Nuclear and Radiological Engineering and Medical Physics Programs, George W. Woodruff School of Mechanical Engineering, Georgia Institute of Technology, 770 State Street, Atlanta, GA, 30332, USA.
Advanced Computing for Health Sciences Section, Oak Ridge National Laboratory, 1 Bethel Valley Road, Oak Ridge, TN, 37830, USA.
Environ Geochem Health. 2024 Feb 17;46(3):82. doi: 10.1007/s10653-023-01820-4.
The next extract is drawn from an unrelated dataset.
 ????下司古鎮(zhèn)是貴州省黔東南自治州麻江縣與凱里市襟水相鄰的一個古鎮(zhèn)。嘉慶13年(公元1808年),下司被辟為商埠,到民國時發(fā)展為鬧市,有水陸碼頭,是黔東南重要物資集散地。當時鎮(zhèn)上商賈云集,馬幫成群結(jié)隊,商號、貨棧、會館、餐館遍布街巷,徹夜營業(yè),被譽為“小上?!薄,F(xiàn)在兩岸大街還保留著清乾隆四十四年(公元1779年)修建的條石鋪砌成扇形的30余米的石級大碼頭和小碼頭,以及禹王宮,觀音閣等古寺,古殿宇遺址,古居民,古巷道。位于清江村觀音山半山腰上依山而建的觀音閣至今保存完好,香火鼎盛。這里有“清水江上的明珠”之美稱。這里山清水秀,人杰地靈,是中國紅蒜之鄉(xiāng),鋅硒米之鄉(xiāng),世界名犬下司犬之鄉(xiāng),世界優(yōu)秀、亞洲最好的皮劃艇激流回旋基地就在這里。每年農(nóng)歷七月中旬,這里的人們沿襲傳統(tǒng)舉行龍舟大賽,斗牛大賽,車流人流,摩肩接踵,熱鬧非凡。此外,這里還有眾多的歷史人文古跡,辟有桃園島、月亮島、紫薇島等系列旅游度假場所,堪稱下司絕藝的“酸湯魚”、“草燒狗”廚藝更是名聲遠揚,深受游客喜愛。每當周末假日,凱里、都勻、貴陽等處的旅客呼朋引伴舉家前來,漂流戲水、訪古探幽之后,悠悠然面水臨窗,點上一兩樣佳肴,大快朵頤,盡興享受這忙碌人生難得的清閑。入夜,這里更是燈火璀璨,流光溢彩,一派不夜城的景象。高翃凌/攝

Characterizing the interplay between exposures shaping the human exposome is vital for uncovering the etiology of complex diseases. For example, cancer risk is modified by a range of multifactorial external environmental exposures. Environmental, socioeconomic, and lifestyle factors all shape lung cancer risk. However, epidemiological studies of radon aimed at identifying populations at high risk for lung cancer often fail to consider multiple exposures simultaneously. For example, moderating factors, such as PM, may affect the transport of radon progeny to lung tissue. This ecological analysis leveraged a population-level dataset from the National Cancer Institute's Surveillance, Epidemiology, and End-Results data (2013-17) to simultaneously investigate the effect of multiple sources of low-dose radiation (gross [Formula: see text] activity and indoor radon) and PM on lung cancer incidence rates in the USA. County-level factors (environmental, sociodemographic, lifestyle) were controlled for, and Poisson regression and random forest models were used to assess the association between radon exposure and lung and bronchus cancer incidence rates. Tree-based machine learning (ML) method perform better than traditional regression: Poisson regression: 6.29/7.13 (mean absolute percentage error, MAPE), 12.70/12.77 (root mean square error, RMSE); Poisson random forest regression: 1.22/1.16 (MAPE), 8.01/8.15 (RMSE). The effect of PM increased with the concentration of environmental radon, thereby confirming findings from previous studies that investigated the possible synergistic effect of radon and PM on health outcomes. In summary, the results demonstrated (1) a need to consider multiple environmental exposures when assessing radon exposure's association with lung cancer risk, thereby highlighting (1) the importance of an exposomics framework and (2) that employing ML models may capture the complex interplay between environmental exposures and health, as in the case of indoor radon exposure and lung cancer incidence.
描述塑造人类暴露组的各种暴露因素之间的相互作用对于揭示复杂疾病的病因至关重要。例如,癌症风险受到多种多因素环境暴露的影响。环境、社会经济和生活方式因素都会影响肺癌的风险。然而,旨在确定肺癌高危人群的氡流行病学研究往往未能同时考虑多种暴露因素。例如,PM 等调节因素可能会影响氡子体向肺部组织的输送。这项生态分析利用了美国国家癌症研究所监测、流行病学和最终结果数据(2013-17 年)的人群水平数据集,同时研究了多种低剂量辐射源(总[公式:见文本]活性和室内氡)和 PM 对美国肺癌发病率的影响。控制了县级因素(环境、社会人口统计学、生活方式),并使用泊松回归和随机森林模型评估了氡暴露与肺癌和支气管癌发病率之间的关联。基于树的机器学习(ML)方法比传统回归表现更好:泊松回归:6.29/7.13(平均绝对百分比误差,MAPE),12.70/12.77(均方根误差,RMSE);泊松随机森林回归:1.22/1.16(MAPE),8.01/8.15(RMSE)。PM 的影响随着环境氡浓度的增加而增加,从而证实了之前研究的结果,即研究氡和 PM 对健康结果的可能协同作用。总之,结果表明(1)在评估氡暴露与肺癌风险之间的关联时,需要考虑多种环境暴露因素,从而突出(1)暴露组学框架的重要性和(2)采用 ML 模型可能捕捉到环境暴露与健康之间的复杂相互作用,就像室内氡暴露与肺癌发病率之间的关系一样。